Schüller unterscheidet zwei Wege des Engagements chinesischer Firmen im Ausland. Zum einen bauen Unternehmen neue Produktionsstätten jenseits der Heimat auf; zum anderen suchen sie nach kleineren und mittleren Betrieben, die sich für eine Übernahme eignen. "Dabei verfolgen sie das Ziel, Technologie, eingeführte Marken und Vertriebsnetze zu erwerben", so Schüller in Berlin.
Tatkräftig unterstützt bei ihren Expansionsplänen werden Chinas Unternehmen oft von den staatlichen Banken, die ihnen günstige Kredite zur Verfügung stellen.

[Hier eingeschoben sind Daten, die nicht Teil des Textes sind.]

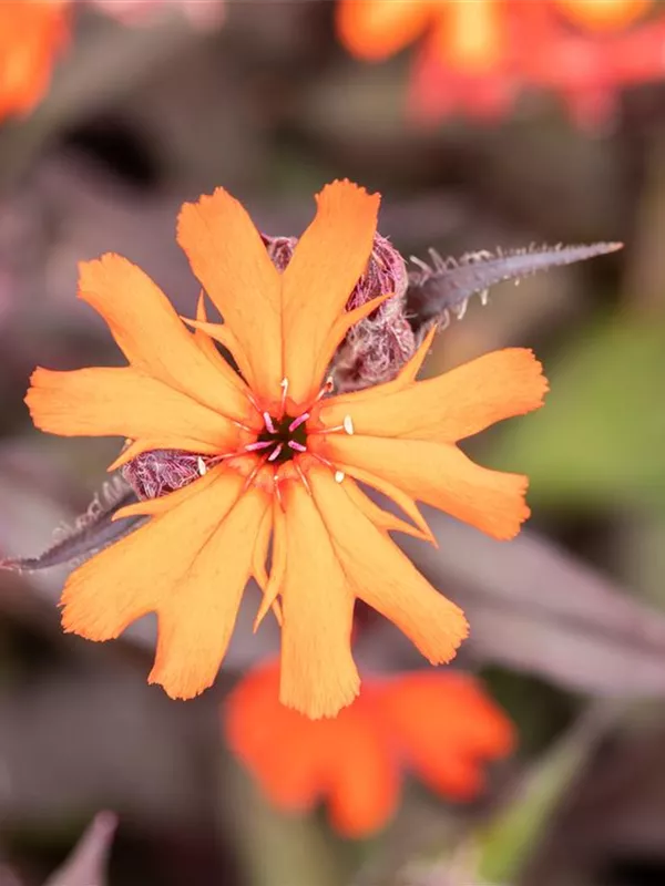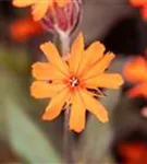 Lychnis arkwrightii 'Vesuvius' bildet radförmige, scharlachrote Blüten ab Juni.

Die chinesischen Investitionen im Ausland sind in den vergangenen Jahren kräftig gestiegen. Lagen sie vor wenigen Jahren noch bei wenigen hundert Millionen US-Dollar, verbuchten die chinesischen Behörden im vergangenen Jahr bereits 6,9 Milliarden US-Dollar, die Chinas Firmen im Ausland investiert haben. Im ersten Quartal des laufenden Jahres lagen die chinesischen Auslandsinvestitionen bereits bei 2,8 Milliarden US-Dollar - ein Anstieg von 280 Prozent gegenüber dem Vorjahreszeitraum, so Schüller vor den rund 140 Teilnehmern des WirtschaftsWoche-China-Kongresses. Die tatsächliche Höhe des Engagements ist nach Schüllers Berechnungen sogar zwei- bis dreimal so hoch, da beispielsweise Investitionen von Unternehmen aus Hongkong nicht erfasst werden.
Die wichtigsten Zielländer der chinesischen Investoren sind dabei immer noch die asiatischen Staaten. Etwa 60 Prozent der chinesischen Auslandsinvestitionen fließen in die Länder der Region. Europa liegt mit einem Anteil von drei Prozent noch weit hinten.
Doch trotz des geringen Anteils verbuchen auch einige deutsche Städte in jüngster Zeit ein spürbar steigendes Engagement chinesischer Unternehmen. So zählt die nordrhein-westfälische Landeshauptstadt Düsseldorf inzwischen 180 chinesische Firmen. Zu ihnen gehört neben vielen kleinen Firmen auch der Telekomausrüster Huawei aus dem südchinesischen Shenzhen. Erst kürzlich hat das Unternehmen 3200 Quadratmeter Bürofläche in Düsseldorf angemietet und will dort demnächst 200 Mitarbeiter beschäftigen. Erste Aufträge konnte Huawei sich bereits beim Mobilfunkanbieter Vodafone in Düsseldorf sichern.
Düsseldorfs Oberbürgermeister Joachim Erwin sieht die Ursache für den Ansiedlungserfolg vor allem in der Gründung des China-Kompetenzzentrums der Stadt vor zwei Jahren. "Als ich damals ankündigte, dafür chinesische Mitarbeiter einstellen zu wollen, gab es bei einigen unserer Kommunalpolitiker erst Mal Stirnrunzeln", so Erwin vor den Teilnehmern des WirtschaftsWoche-China-Kongresses. Nach den ersten Erfolgen der jüngsten Vergangenheit seien die Zweifel aber gewichen.